The Agency’s ‘Emergency Response’ mode can be activated in response to a serious cross-border health threat by the HERA Crisis board, whose members include one representative from each EU state, along with the President of the European Union, the EU Commissioner for Health and Food Safety, and other Commission members as appropriate. In its Emergency Response role, HERA will act as a central purchasing body, ensuring and monitoring the equitable supply and deployment of medical countermeasures, and activating crisis measures for research, manufacturing surge capacity and emergency funding. HERA will also lead EU collaborations with global partners to address supply bottlenecks and address global disease surveillance, as well as support the ability of low and middle income countries to build expertise and develop manufacturing and distribution capabilities.
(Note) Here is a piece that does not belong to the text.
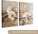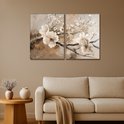 Tableau sur toile 120x80 cm - Décoration murale diptyque - Blossom - Beige - Abstrait - Fleurs - Décoration murale salon - Décoration chambre - Accessoires chambre - Peintures sur toile

HERA is further advised by a Joint Industrial Cooperation Forum, composed of company representatives and European Commission members who will offer HERA industry feedback on capacities and bottlenecks.
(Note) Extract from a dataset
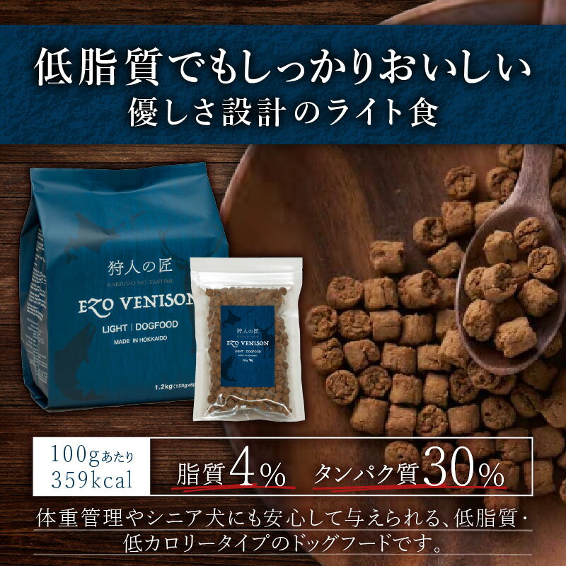- 【ふるさと納税】<容量選べる> 狩人の匠 エゾベニソン ライト 150g or 1.2kg ドッグフード ペットフード ペット用品 犬 愛犬 犬のおやつ 個包装 健康 低温調理 無添加 グレインフリー North Innovation 北海道 苫小牧市 おすすめ ランキング プレゼント ギフト

HERA’s objectives for 2022 include working with other EU and national health agencies, industry, the research community, regional organizations and international partners to support research and development; to establish a large-scale EU platform for clinical trials and data sharing; and to identify three high-impact health threats beyond COVID-19. In addition, the agency is building an IT platform and intelligence network for threat assessment and prioritization as well as developing a network of “ever-warm” manufacturing facilities that can be quickly mobilized in an emergency.

While DARPA was clearly instrumental in the U.S. response to the pandemic, experts have deemed that agency inadequate to address many critical health-related needs in the United States. DARPA is designed to serve the needs of a single customer – the U.S. military – and the Agency is focused primarily on national security needs and programs with an engineering focus. In contrast, other important health care problems are not well addressed by engineering solutions, as they involve complex biological systems, human behaviors, and environmental and social factors. Moreover, many major health problems impact a wider variety of stakeholders than the military and national security agencies, including patients, healthcare providers, payers and policy-makers. Thus, in March 2022, President Joe Biden authorized the establishment of the Advanced Research Projects Agency for Health (ARPA-H), an agency modeled on DARPA, whose aim will be to support transformative high-risk/high-reward research to drive biomedical and health breakthroughs beyond those with military applications. In addition, the President has called for $6.5 billion in funding over ARPA-H’s first three years, with priorities to be directed to HIV/AIDS and other infectious diseases, cancer, Alzheimer’s disease, diabetes and other chronic conditions, and projects related to drug misuse and addiction, opioid alternatives, and other pain management strategies.